723.2515/2268: Telegram
The Ambassador in Chile (Collier) to the Secretary of State
146. Yesterday I was reliably informed that in the debate in the Chamber of Deputies a great fight against good offices was being based largely upon assertions that the United States was trying to force Chile to accept plans of solution under good offices. This idea has been diligently and universally promulgated here not only by Alessandri but also by agents in the employment of the Plebiscitary Commission and by a great number of Congressmen and public orators and by all Chilean and many Argentine papers. … For months press and platform have meanly, bitterly, and falsely calumniated the Arbitrator, yourself, and all our delegation in Arica and have absolutely misrepresented your purposes and policies, using caricatures, as well as news and editorial columns. … For these reasons but especially in the hope that they might be brought by the Minister of Foreign Affairs to the attention of Congress before its night session, I drafted [Page 423] a new note dated yesterday79 expressing regret that the erroneous impression as to our motives had been allowed to permeate the masses and calling attention to the fact that Chile was the first to suggest and virtually invite good offices, and I incorporated that part of the memorandum of October 27, 1925, given to me by Barros Jarpa then Minister of Foreign Affairs and cabled to you on the following day.80 I then gave this new note of yesterday, May 8, to the press.
The Under Secretary called upon me at 8:30 last night and asked me to withhold publication of the note for two days until after the termination of the congressional debate and after your meeting tomorrow with the two Ambassadors when the Ambassador of Chile, unless his instructions are changed by a result of yesterday’s revelations, will notify you that Chile insists upon going on with the plebiscite. The Under Secretary said there was no objection to immediate publication my note in American papers, but they would like to keep it out of Argentine and Chilean papers for a couple of days. The more he laid stress upon this, the more I felt that the note should be published and published without delay.

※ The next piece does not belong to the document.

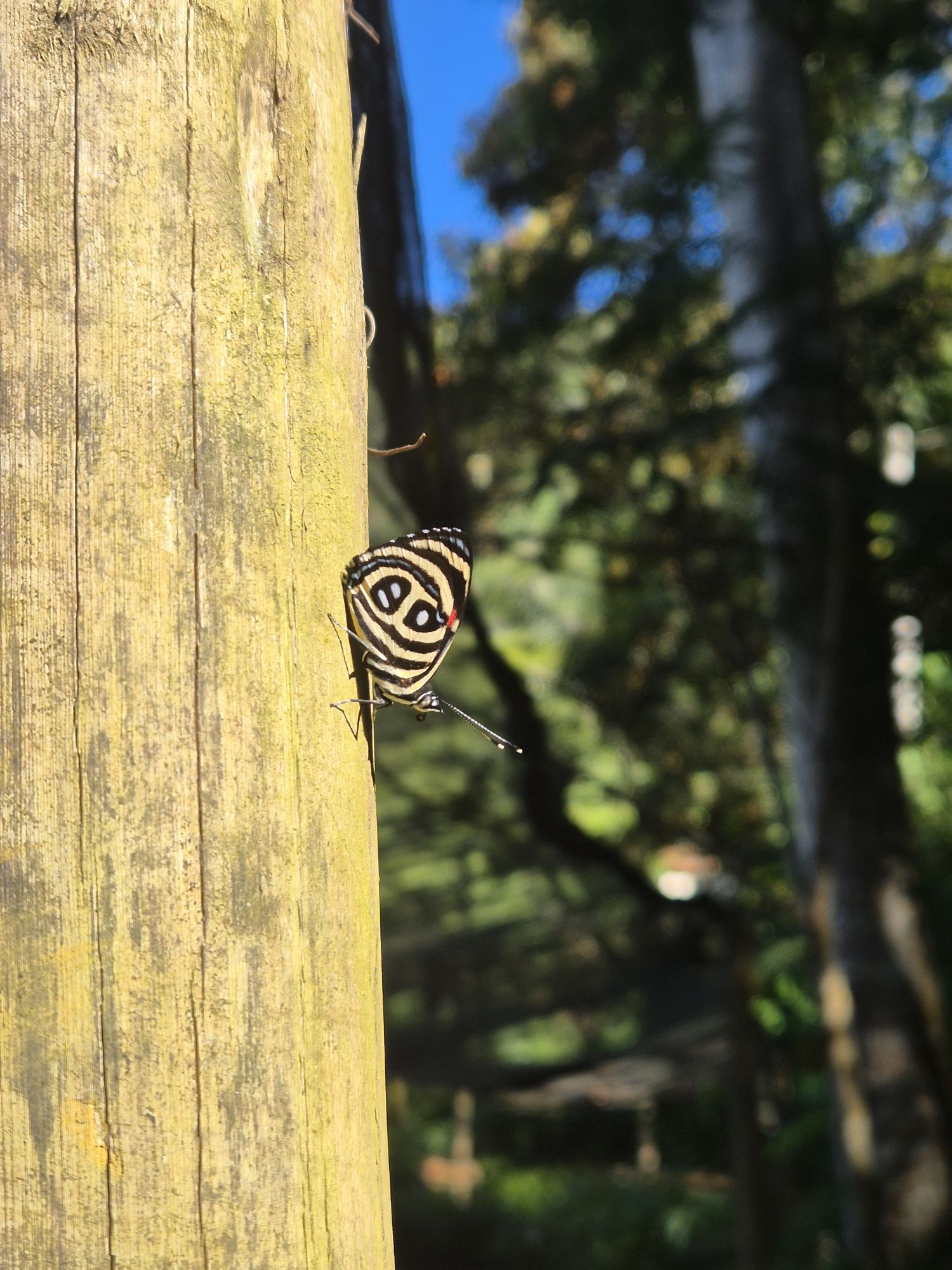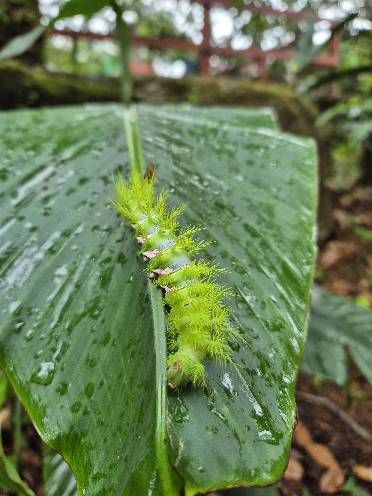 Während der Arbeit in der Agroforestry haben wir ein kleines Kolibrinest im Kaffee gefunden. Diese Pflanze und das Nest haben wir dann in Ruhe gelassen. Außerdem habe ich in Iracambi noch zwei sehr schöne Tiere gefunden. Einmal hier diese verrückte Raupe, die aussieht als wären Korallen auf ihr gewachsen. Sie wird wohl später zu einer Motte werden. Der Schmetterling daneben heißt auf portugiesisch „oito-oito“ also „acht-acht“, weil das Muster so aussieht. Es gibt verschiedene Spezies die dieses Muster haben, die schönsten haben sogar noch eine ganze Menge rot außen auf den Flügeln und von innen sind sie schwarz mit einem türkisblauen Streifen. Meiner Meinung nach sind das die schönsten Schmetterlinge, die hier rumfliegen.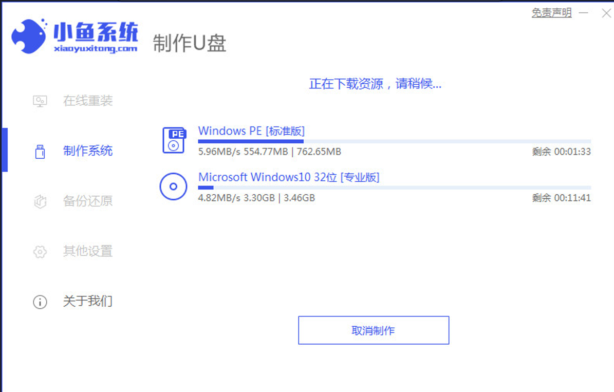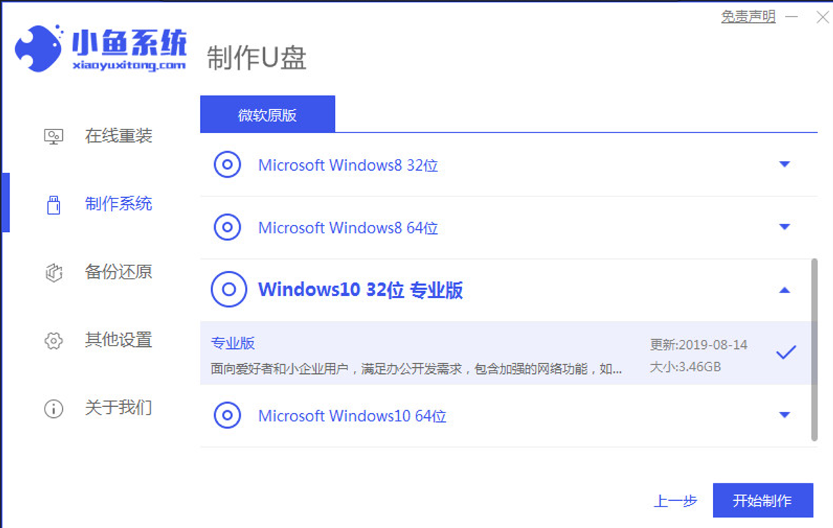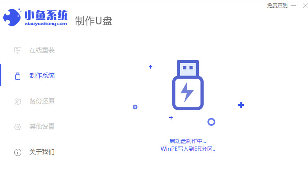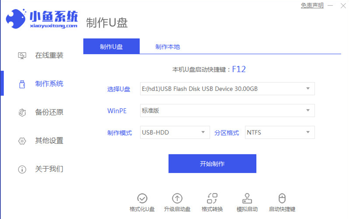 1、在线下载小鱼系统软件,点击左侧制作系统,插入U盘,点击开始制作。

I declined to comply with his request that I write and telegraph to the papers withdrawing the note from publicity. I told him that, in view of the campaign of abuse against the United States which so far the Ministry had made little effort to stop, I thought the note should be published at once. I said there had been five memorandums including this one with regard to good offices; and that, without previously asking the consent of the Government of the United States, the Chilean Foreign Office on March 27 gave publicity to your memorandum of February 16 and to their answer, and you thereupon published the memorandums exchanged a month or so later and that therefore there was no violation of confidence or irregularity in publishing the Chilean memorandum of October 27th which virtually started the matter. On the contrary one memorandum having been published, ordinarily all relating to the same matter should be published. I also said that the note that I had given out could in no way embarrass the present Minister of Foreign Affairs nor the actual President. For your information I think it will help them to swing back to their original positions in favor of good offices from which they have both drifted with the popular tide. I understand that the Government got the local papers to hold off publication until it could try to persuade me to withdraw it. I refused to do so saying that it would be construed as cowardice or possibly a frustrated attempt at misrepresentation or a diplomatic irregularity and I would not make any such admissions. The article therefore appears in all [Page 424] Santiago papers this morning and I understand that the United Press cabled the full text to the United States and South America.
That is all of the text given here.